James also pointed out that tropical cyclones were complex systems embedded within the already complex system that was our weather.
"Uncertainty in initial conditions mean that it is important to avoid placing too much value on a single model run," he said.
"Because tropical cyclones are among the most damaging weather systems, we want to give as much warning as possible. However, balancing early warnings with communicating the uncertainty poses a challenge."
How did they strike that middle-ground? And how far out was too far out?
That all depended on what level of detail was being sought about a given system.

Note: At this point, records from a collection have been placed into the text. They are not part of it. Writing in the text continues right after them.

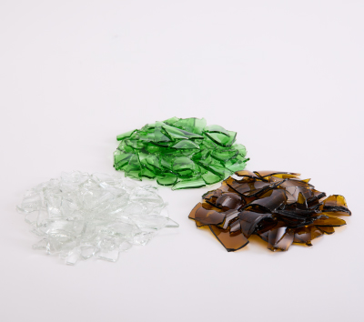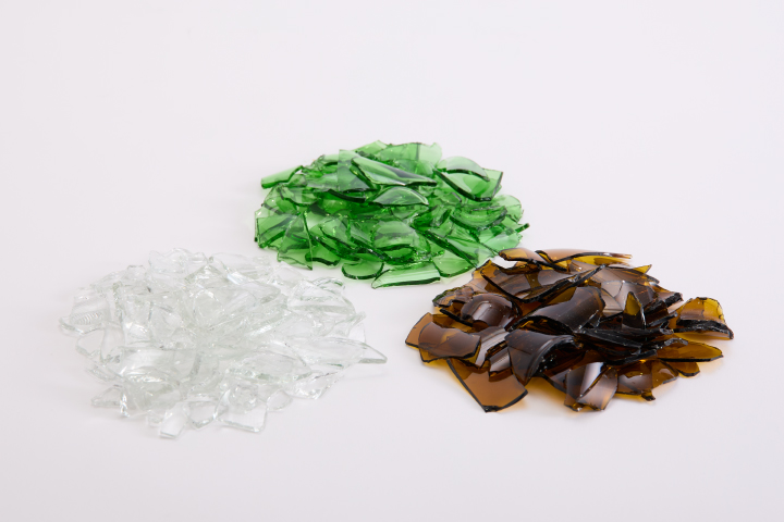 空きびんを細かく砕いて、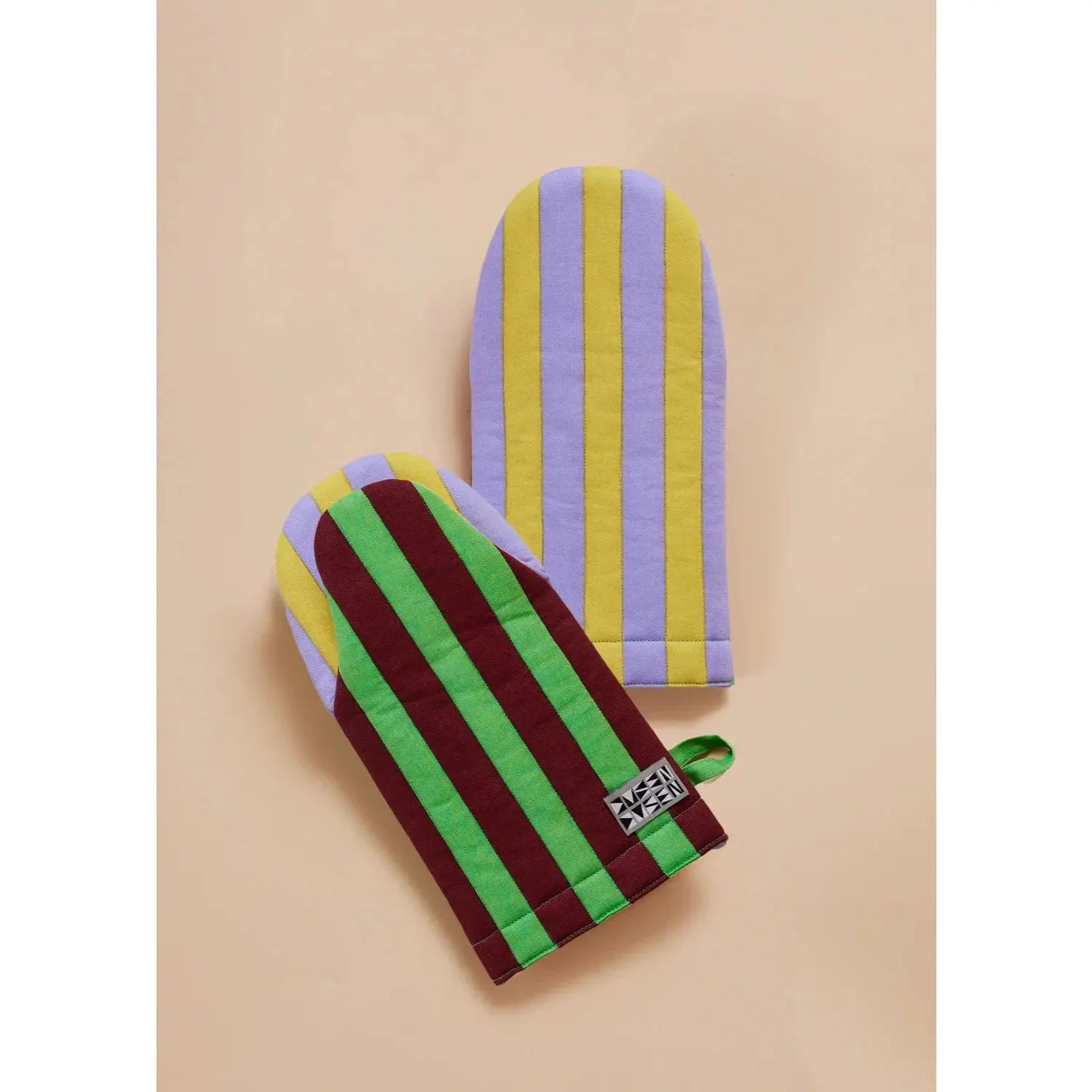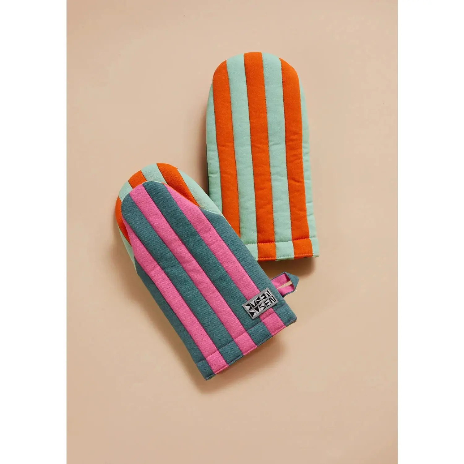·Padded oven mitt in contrasting stripe colorways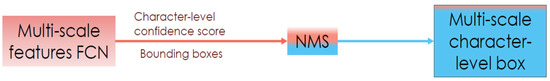 Our proposed Fast and Accurate Network for Multi-scale Chinese Character Detection (FAN-MCCD), depicted in Figure 3, is an end-to-end network that detects dense and multi-scale characters existing in the image simultaneously. The first part is a feature extractor (FCN) fully convolutional network designed for such a pyramid concept; then, default boxes with different scales and aspect ratios over each feature map are used to detect large- and small-scale characters. Finally, NMS is exploited to filter the huge number of predicted boxes.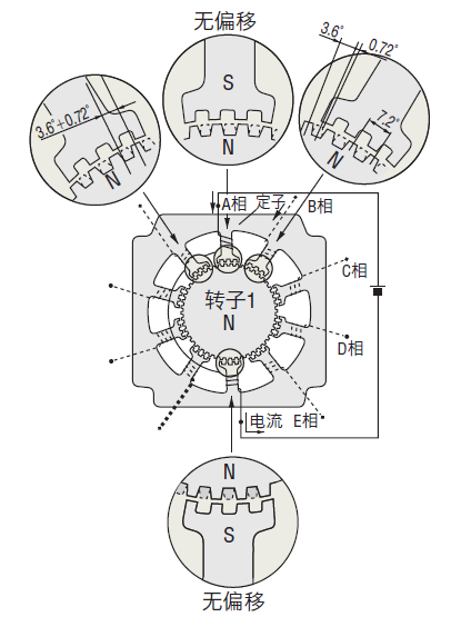将A相励磁,会使得磁极磁化成S极,而其将与带有N极极性的转子1的小齿互相吸引,并与带有S极极性的转子2的小齿相斥,于平衡后停止。此时,没有励磁的B相磁极的小齿和带有S极极性的转子2的小齿互相偏离0.72°。以上是A相励磁时的定子和转子小齿的位置关系。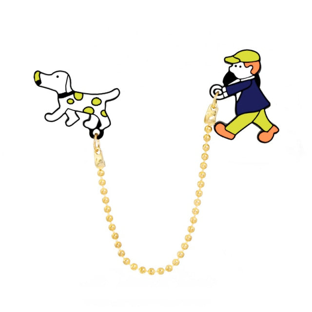 Cute Animal Pet Brooch Boy walk the dog Enamel Pins Lovely Cartoon Badge with Chain Jewelry Backpack Lapel Pin Gift for Children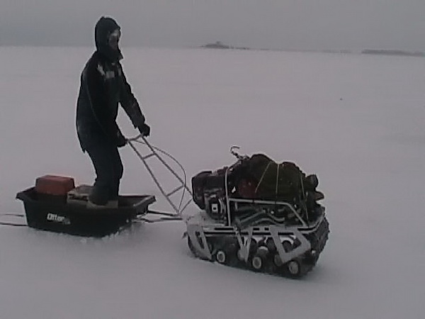 Сегодня Гол. залив. Напротив "Икара" чуть левее у мыса на противоположном берегу. С утра 3 судачка от 0,8 до 1,3 кг. Сильный ветер, тяга немного присутствовала, леска 0,18, кобылка фильдеперсовая, поводок с белой пластмаской. В течении дня погода менялась, ветер стихал, мороз крепчал. Решили сменить место и рванули в Лобыжки. Там среди толпы взял ещё пару судачков по 1,5 кг на балансир с подсадкой. Успешно испытали самодельный мотобуксировщик. Но об этом в другой теме.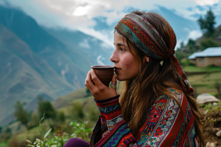 Experiencing a cultural ritual, a woman thoughtfully drinks tea outdoors with a scenic mountain range in the distance.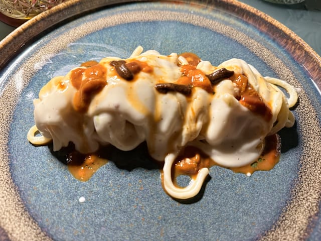 Cannellone ripieno di genovese con crema al pecorino e salsa al prezzemolo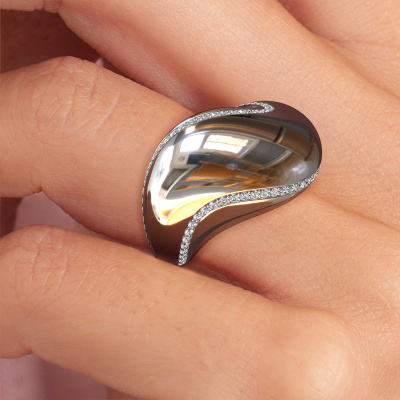This is a stunning tasteful white gold Phyliss ring. It is set with zirconia. A designer ring, fit for classy women. The ring is designed by our own expert goldsmiths. In our artisan studio, we use a combination of the latest techniques and ancient traditional craftsmanship, so we are able to create a perfectly designed ring. Our expert goldsmiths strive for perfection so they won't stop until a perfect ring, a true work of art, is created. A unique ring which matches your own style. The best part of this tasteful ring is that you can customize it to your own liking. Your style, your choice, your ring. On top of that, your design white gold ring will be made by hand with eco-friendly materials! Please feel free to easily customize the ring, using our online tool.After receiving your order, our goldsmiths will passionately start the creative process of making your ring in our own studio. Because we don't have a big stockpile, these costs will not be passed on to you. Our pricing is proof of that! We offer top quality jewels at lowest price, guaranteed.To make it easier for you, we offer a 30 day return policy. Check our terms and conditions.

And in any case, James said, the track of a tropical cyclone was always published under what was called "a cone of uncertainty".
Once a tropical cyclone was named, tracks were produced every six hours out to 72 hours, or three days – yet the period for which MetService's meteorologists produced forecasts for New Zealand stretched to double that time.
That was why ensemble forecasting was crucial, as it acted to minimise changes between model runs.
"The details and timing often change slightly, especially with longer lead times, but the overall picture tends not to," James said.
"This is why meteorologists take model outputs at long lead time as indicative of a pattern, rather than as an exact answer."
The future of forecasting
Improving the forecasting of tropical cyclones, as with all of meteorology, was a global challenge.
As members of World Meteorological Organisation (WMO), MetService worked with other countries to improve observation networks across the Pacific, which were of great value to forecasters.
James said NWP models had improved significantly in the past 20 years, particularly in the long range, as have satellites.
"These advances are only possible because of the international and collaborative nature of the WMO."
Refining forecasts was also a big focus at Niwa, which recently began trialling its own model ensemble system.
Niwa meteorologist Ben Noll said that could eventually help fill the void that existed between Northern Hemisphere-based models and local ground observations, and which was having to be covered by satellite observations.
The grunt behind the new ensemble lay in Niwa's freshly boosted supercomputing capability. One of its new machines, the Cray XC50, was powerful enough to count all of the grains of sand in the world in only about 5000 seconds.
"Since we purchased the new supercomputer, that has basically enabled us more bandwidth to run the ensemble many times – and that is critical in terms of pin-pointing risks for extreme weather conditions," Noll said.
Going into the future, he expected artificial intelligence and machine learning would play increasingly bigger roles in forecasting.
"A lot of people bag us, but if those founding fathers of forecasting from 100 years ago could see what we're able to do today, they'd be shocked," he said.
"The modelling we have today is something to be proud of, and across the meteorological community globally, we've seen more and more collaboration."